|Difficult||Execution Time||Data Analysis||Radioactive Sources|
This experiment guide is referred to the SP5600EMU educational kit. If you don’t have this kit, choose your own from the following list to visualize the related experiment guide:
SG6118E – Backpack Detector
SP5600EMU– Emulation Kit
Additional Gamma Radioactive Source
Purpose of the experiment
Study the characteristics of the 137Cs spectrum, with special relevance given to the low energy spectrum. The student can learn effects related to the experimental observation of a gamma decay and have basic information about the experimental setup used in gamma spectroscopy. Estimate the energy of the backscatter peak and of the Kα line.
The Compton effect is linked with experimental issues, since it is caused by the interaction of photons with the electrons instrument that measure the gamma radiation. In a real detector setup, some photons can and will undergo one or potentially more Compton scattering processes (e.g. in the housing material of the radioactive source, in shielding material or material otherwise surrounding the experiment) before entering the detector material. This leads to a peak structure, the so-called backscatter peak.
The basic principle for the backscatter peak formation is the following: gamma-ray sources emit photons isotropically, some photons will undergo a Compton scattering process with a scattering angle close to 180° and some of these photons will subsequently be detected by the detector. The result is an excess of counts in the Compton part of the spectrum, the so-called backscatter peak. This peak has an energy approximately equal to the photopeak energy minus the Compton edge energy.
The 137Cs gamma photopeak at 661 keV is responsible also for a low energy emission (i.e. emission of an X-ray). This is due to the decay mechanism of137 Cs: it decays via β decay into an excited state of barium-137, which than passes to the ground state, giving rise to the 661 keV photopeak. Emission of a 661 keV γ photon is not the only way excited barium gives off its energy. In some cases barium-137 can transfer its energy to an electron of its 1s atomic shell (“internal conversion“). The hole in the 1s shell is replenished from higher shells.

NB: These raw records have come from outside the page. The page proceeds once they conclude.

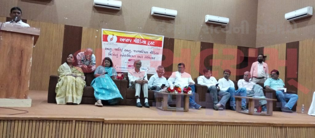 ગુજરાતના જાણીતા લેખક અને ચિંતક ચંદુભાઈ મહેરીયા ની અધ્યક્ષતામાં યોજાયેલ આ સ્નેહ મિલન અને સેમિનારમાં વક્તા અને જાણીતા કર્મશીલ રાજુભાઈ સોલંકી તેમજ અજાજના પેટ્રન મૂળચંદ રાણા, સ્થાપક પ્રમુખ નટુભાઈ પરમાર, વર્તમાન પ્રમુખ રમેશ સોલંકી, મહામંત્રી ભરત દેવમણી,હિતેન્દ્ર પીઠડીયા, યોગીતાબેન પટેલ, અર્ચનાબેન પરમાર સહિત અજાજ ના હોદ્દેદારો તેમજ મોટી સંખ્યામાં સમગ્ર ગુજરાતમાંથી અજાજના સભ્ય પત્રકાર ભાઈઓ, બહેનો ઉપસ્થિત રહ્યા હતા.
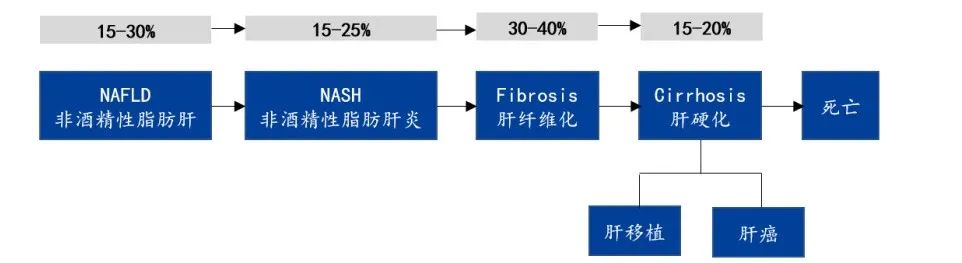 NASH 是 NAFLD 的一种严重形式。据统计,大约有 15%-25% 的 NAFLD 会发展为 NASH。
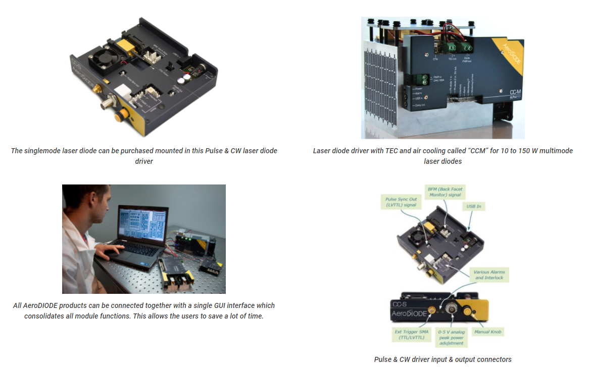 These fiber-coupled 808 nm laser diodes are offered as stock items or associated with a CW or Pulsed Laser Diode Driver. They are compatible with our high speed nanosecond pulsed drivers or high power CW and pulsed drivers with air cooling for the multimode laser diode versions.

This process gives rise to the emission of the characteristic X radiation of barium, which is the Kα line nearly at 32 keV (X rays are photons in the range 100 eV-100 keV).

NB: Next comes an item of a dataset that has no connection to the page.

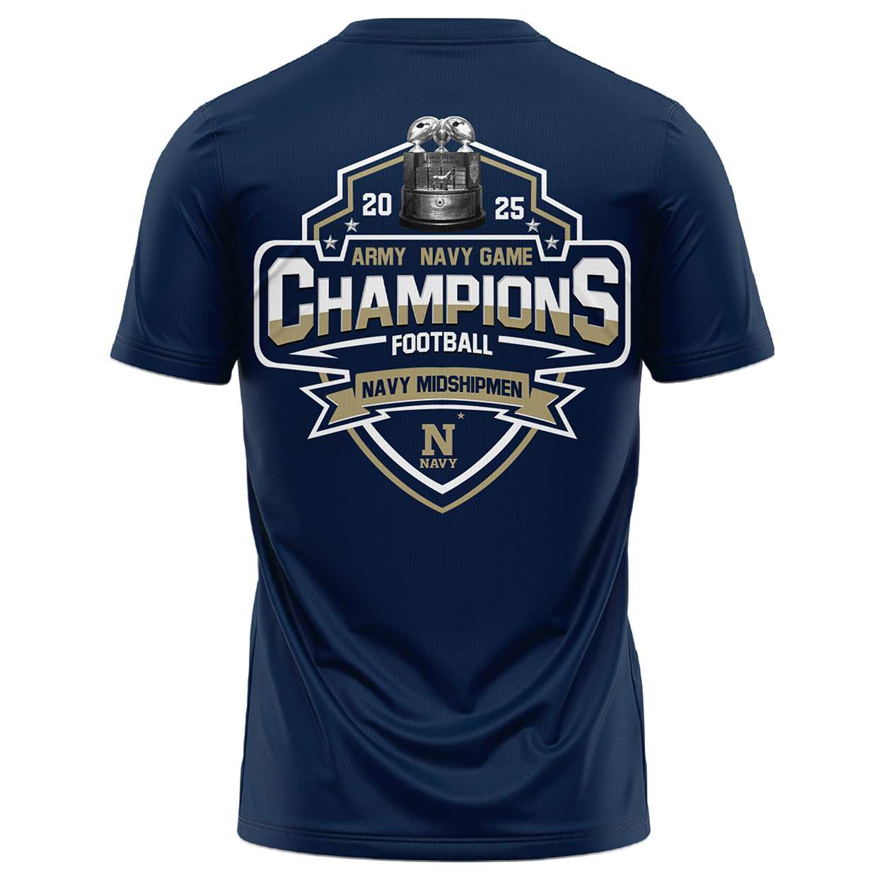 This shirt marks the Navy Midshipmen’s hard-fought win in the 2025 Army-Navy Game, securing the prestigious Commanders-In-Chief Trophy. It reflects a tradition of honor and rivalry dating back to 1972, where service academies battle for national recognition and pride.

Carrying out the experiment
To perform the experiment, connect the DT4800 output to the input channel of the MCA DT5770 and use the DT4800 GP0 as digitizer “trigger IN”. The Emulation Control Software Interface allows user to generate exponential decay signals with programmable rise time and fall time and it is possible to emulate signals from 137CsI radioactive. The spectrum can be recorded and analyzed by the MCA
The user can calibrate the system by using the spectrum itself. The backscatter peak and the Kα line can be identified. After calibrating the spectrum, it is possible to estimate the energy of the two peaks and compare them with theoretical predictions.